Bias and variance are two fundamental concepts in machine learning, particularly in the context of model performance evaluation.


Some basic differences:


Bias Variance
Bias refers to the error introduced by approximating a real-world problem with a simplified model. Variance refers to the variability of a model's predictions for a given data point if the model were trained on different datasets.
A model with high bias pays little attention to the training data and oversimplifies the underlying patterns, leading to systematic errors. A model with high variance pays too much attention to the training data and captures noise in the data as if it were genuine patterns.
High bias can cause the model to underfit the data, meaning it performs poorly both on the training set and new, unseen data.
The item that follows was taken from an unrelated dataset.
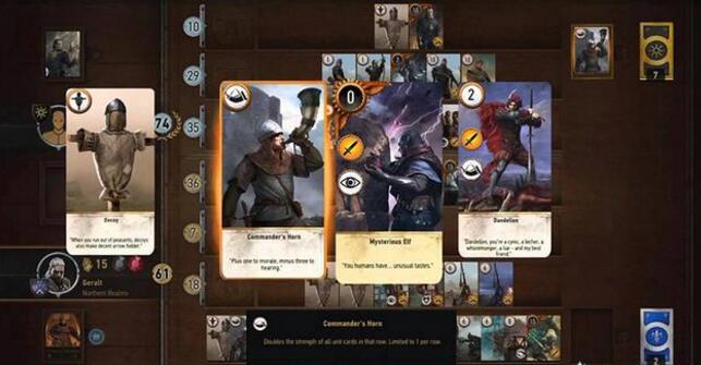 昆特牌其实只是巫师3里面打发时间的小游戏,连制作组也没想到这个玩法独特的卡牌游戏竟然掀起了一阵风潮。很多玩家游戏没通关,昆特牌倒是玩得滚瓜烂熟。“再来一局昆特牌”成了游戏里一个著名的梗。为此,CDPR甚至推出了单独的昆特牌游戏。

High variance can cause the model to overfit the training data, meaning it performs well on the training set but poorly on new, unseen data.
Examples of high bias models include linear regression models that are too simple to capture the underlying relationships in the data. Examples of high variance models include complex decision trees or neural networks with too many parameters, which can capture noise in the training data.
Bias measures how well a model can capture the true underlying relationships in the data. Variance measures how much the model's predictions vary for different training datasets.


Ideally, you want to find a balance between bias and variance, resulting in a model that generalizes well to new, unseen data. This balance is often referred to as the bias-variance tradeoff and addressed through regularization techniques, cross-validation, and model selection.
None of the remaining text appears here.